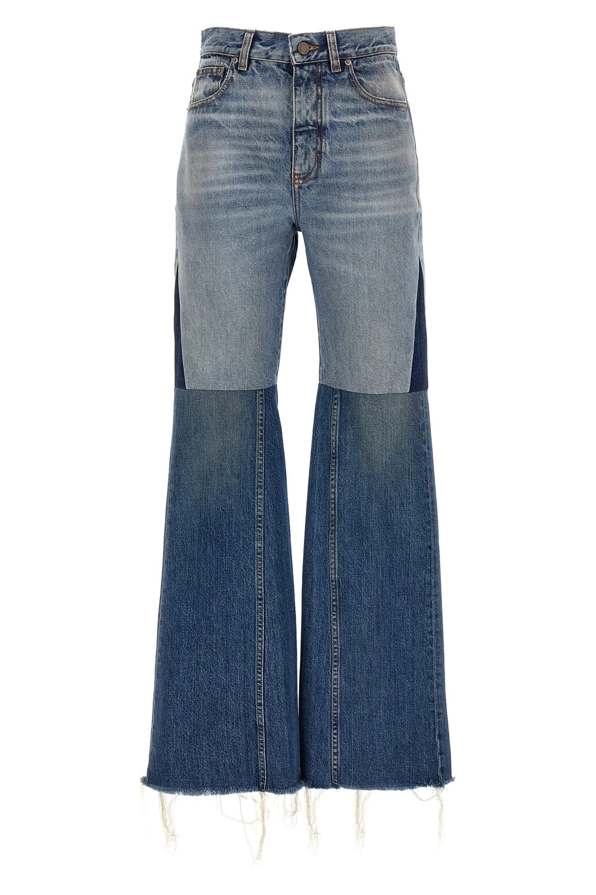 cod. CH24WDP141594ZD Patchwork jeans in cotton denim with zip and button closure, five pockets, leather logo tag, flared leg with frayed hem. Color: Blue Size & Fit: true to size fit Composition: 100% cotton Made in: Italy
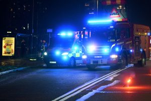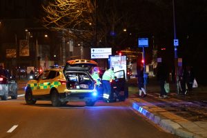 Någon form av olycka vid busshållplatsen vid kyrkan på Eriksfältsgatan vid 17-tidsen. När ambulansen kom fram låg en skadad man på vägbanan vid busshållplatsen. Flera brandbilar och ambulanser larmades till platsen då man befarade att någon blivit överkörd av en buss. När räddningsmanskapet kom fram var ingen buss kvar på platsen. Den skadade mannen omhändertogs av brand och ambulanspersonal. Polis kom till platsen och kunde på platsen förhöra flera vittnen vid busshållplatsen.
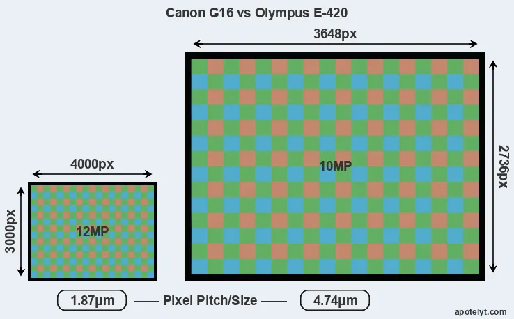 Despite having a smaller sensor, the Canon G16 offers a higher resolution of 12 megapixels, compared with 10 MP of the Olympus E-420. This megapixels advantage comes at the cost of a higher pixel density and a smaller size of the individual pixel (with a pixel pitch of 1.87μm versus 4.74μm for the E-420). However, it should be noted that the G16 is much more recent (by 5 years and 5 months) than the E-420, and its sensor will have benefitted from technological advances during this time that make it possible to gather light more efficiently.
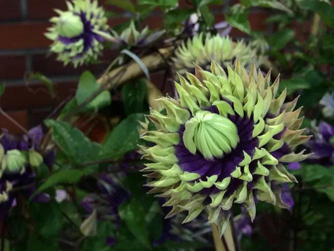 Цей клематис чіпляється за опору або за рослину-господаря за допомогою виючих стебел, снабжених черешками, перетвореними на вусы.
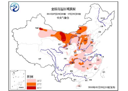 中央氣象臺(tái)發(fā)布的高溫黃色預(yù)警稱(chēng):明天(29日)白天,北京、天津、河北大部、山西、陜西關(guān)中地區(qū)和東部、寧夏中北部、河南大部、山東中西部、安徽北部、湖北、四川盆地東部、重慶、貴州東北部、湖南大部、江西中北部、浙江大部、福建北部、海南北部等地有35℃以上的高溫天氣,局地最高氣溫可達(dá)37~38℃;內(nèi)蒙古中西部、甘肅大部、新疆吐魯番盆地及南疆盆地東部等地將有35~37℃的高溫天氣,局地最高氣溫可達(dá)40℃以上。
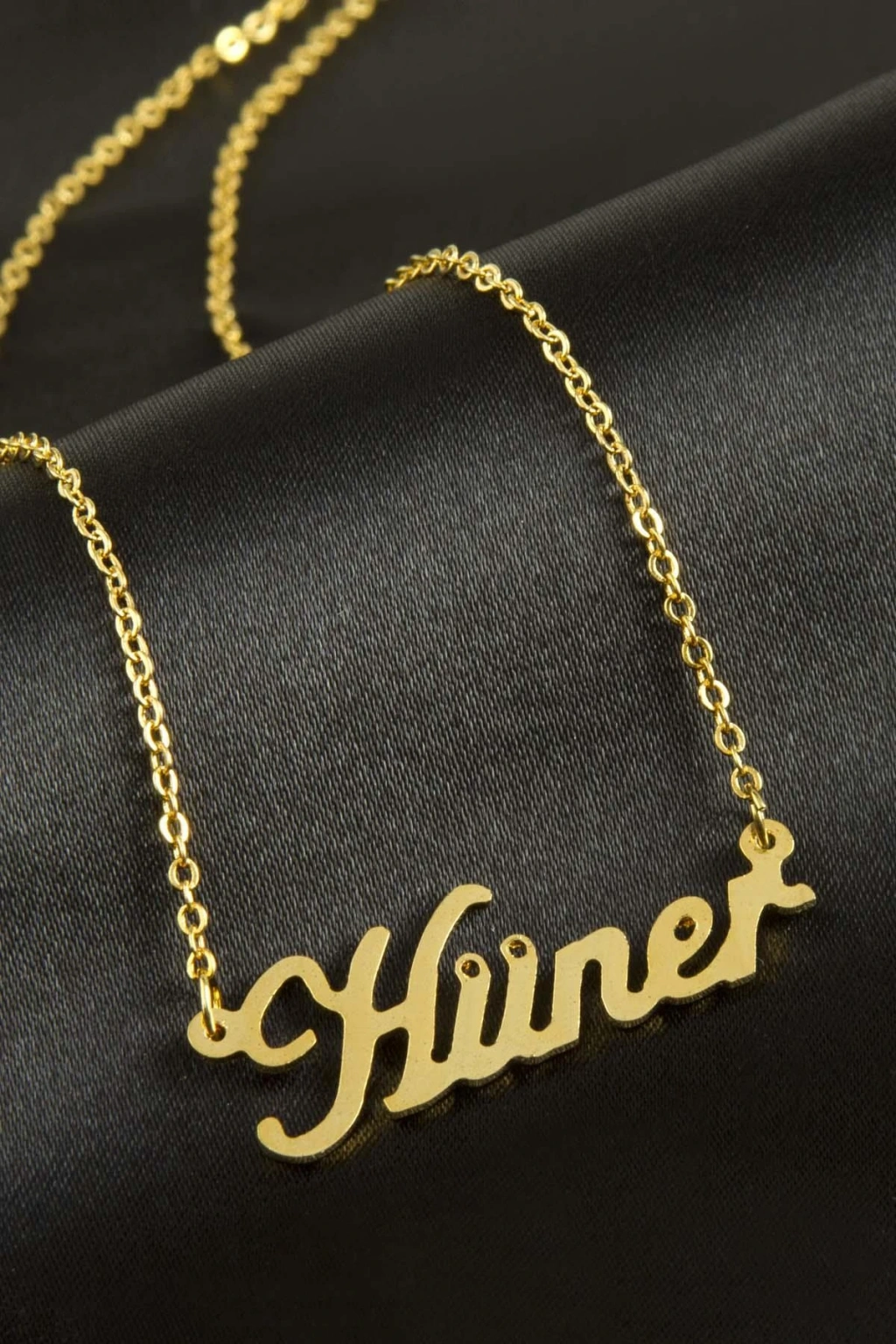 Hüner isimli kolye. İsimli kolye pirinç madeninden ve altın kaplamalıdır. Kişiye özel üretilmektedir.Yazdırmak istediğiniz ismi bize mesaj olarak iletmeniz gerekmektedir. Kullanıma bağlı olarak uzun süre kullanıma uygundur. Ürün malzemesi 1.sınıf kalitededir. Ürün ve zinciri sarı renktedir. Ürün zincir boyu 45 cm ve ürün üzerindeki isimler yaklaşık 3 cmdir. İsim boyları ürün ismine göre degişiklik göstermektedir.
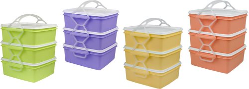 Plastový jedlonosič, štvoratý tvar, misky 3 x 1.2 litra. Možnosť dokúpenia náhraného ucha. Vhodné do umývačky riadu bez viečka. Farby podľa skladovej dostupnosti. Český výrobca. EAN 8594028843760
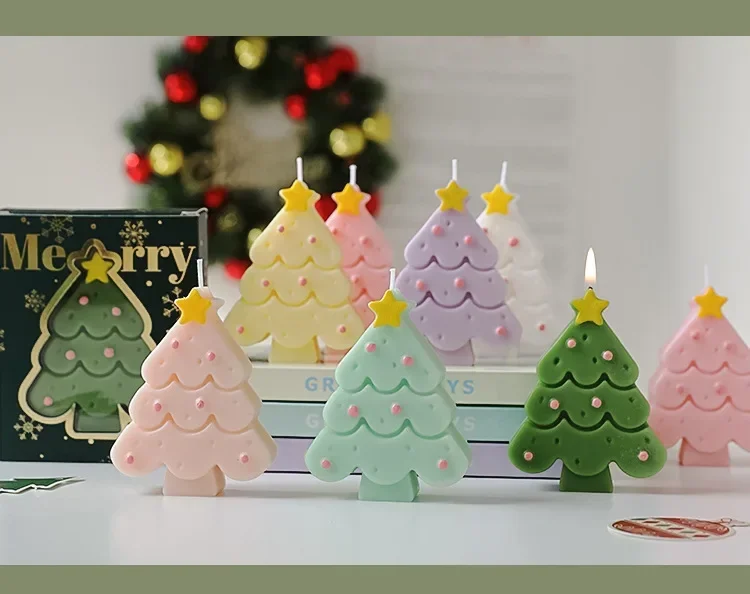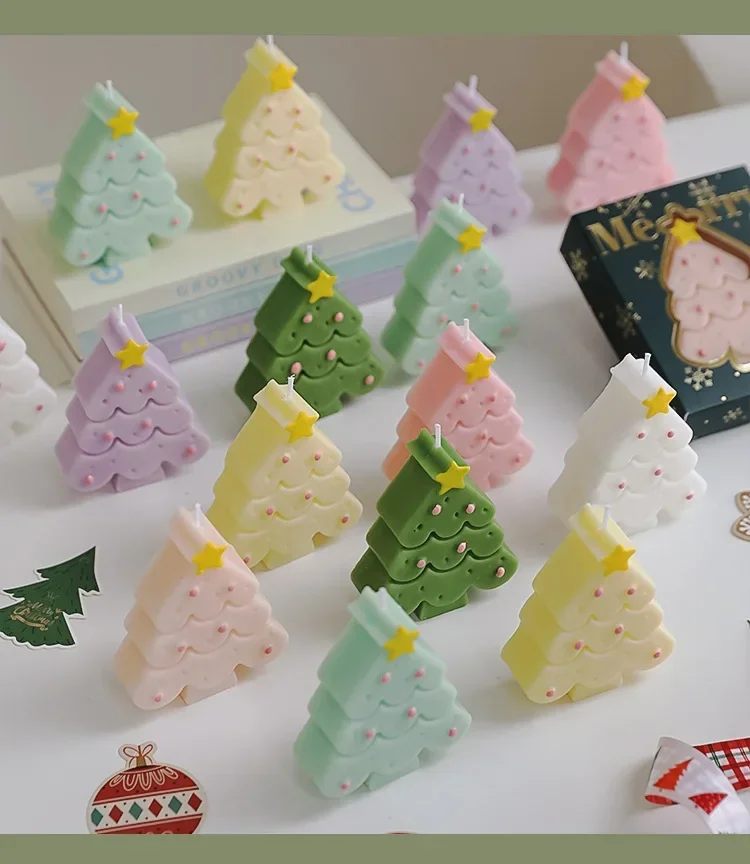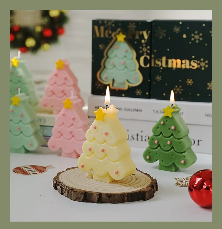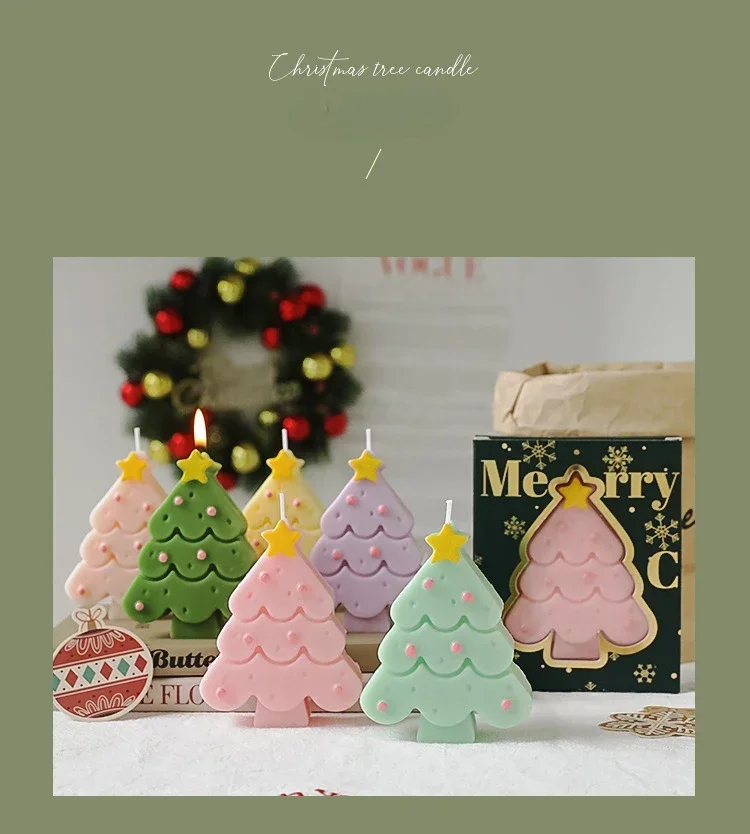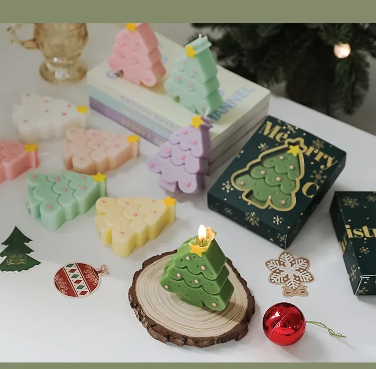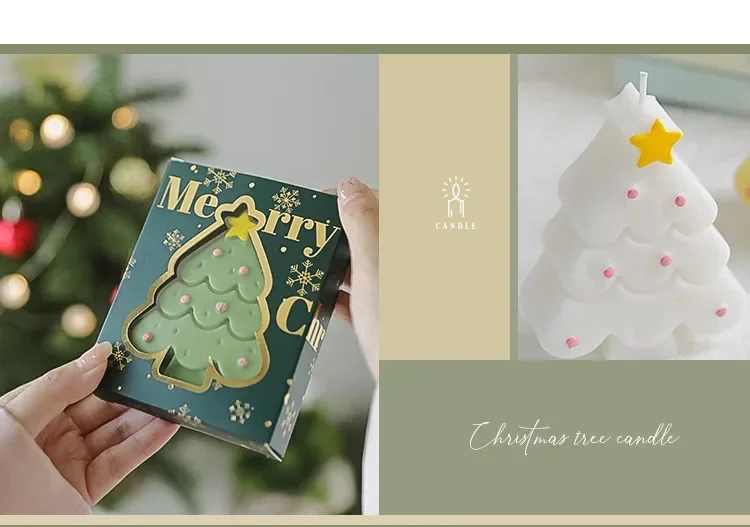 Christmas Scented Candle with Box Mini Christmas Tree Shape Fragrance Candle Home Decor Candle Gift for Friends Women Souvenir

> **Problem requirements**: A faithful, word-for-word copy of the records above, pictures left out, is the answer.

> **Solved exercise**:
 cod. CH24WDP141594ZD Patchwork jeans in cotton denim with zip and button closure, five pockets, leather logo tag, flared leg with frayed hem. Color: Blue Size & Fit: true to size fit Composition: 100% cotton Made in: Italy
 Någon form av olycka vid busshållplatsen vid kyrkan på Eriksfältsgatan vid 17-tidsen. När ambulansen kom fram låg en skadad man på vägbanan vid busshållplatsen. Flera brandbilar och ambulanser larmades till platsen då man befarade att någon blivit överkörd av en buss. När räddningsmanskapet kom fram var ingen buss kvar på platsen. Den skadade mannen omhändertogs av brand och ambulanspersonal. Polis kom till platsen och kunde på platsen förhöra flera vittnen vid busshållplatsen.
 Despite having a smaller sensor, the Canon G16 offers a higher resolution of 12 megapixels, compared with 10 MP of the Olympus E-420. This megapixels advantage comes at the cost of a higher pixel density and a smaller size of the individual pixel (with a pixel pitch of 1.87μm versus 4.74μm for the E-420). However, it should be noted that the G16 is much more recent (by 5 years and 5 months) than the E-420, and its sensor will have benefitted from technological advances during this time that make it possible to gather light more efficiently.
 Цей клематис чіпляється за опору або за рослину-господаря за допомогою виючих стебел, снабжених черешками, перетвореними на вусы.
 中央氣象臺(tái)發(fā)布的高溫黃色預(yù)警稱(chēng):明天(29日)白天,北京、天津、河北大部、山西、陜西關(guān)中地區(qū)和東部、寧夏中北部、河南大部、山東中西部、安徽北部、湖北、四川盆地東部、重慶、貴州東北部、湖南大部、江西中北部、浙江大部、福建北部、海南北部等地有35℃以上的高溫天氣,局地最高氣溫可達(dá)37~38℃;內(nèi)蒙古中西部、甘肅大部、新疆吐魯番盆地及南疆盆地東部等地將有35~37℃的高溫天氣,局地最高氣溫可達(dá)40℃以上。
 Hüner isimli kolye. İsimli kolye pirinç madeninden ve altın kaplamalıdır. Kişiye özel üretilmektedir.Yazdırmak istediğiniz ismi bize mesaj olarak iletmeniz gerekmektedir. Kullanıma bağlı olarak uzun süre kullanıma uygundur. Ürün malzemesi 1.sınıf kalitededir. Ürün ve zinciri sarı renktedir. Ürün zincir boyu 45 cm ve ürün üzerindeki isimler yaklaşık 3 cmdir. İsim boyları ürün ismine göre degişiklik göstermektedir.
 Plastový jedlonosič, štvoratý tvar, misky 3 x 1.2 litra. Možnosť dokúpenia náhraného ucha. Vhodné do umývačky riadu bez viečka. Farby podľa skladovej dostupnosti. Český výrobca. EAN 8594028843760
 Christmas Scented Candle with Box Mini Christmas Tree Shape Fragrance Candle Home Decor Candle Gift for Friends Women Souvenir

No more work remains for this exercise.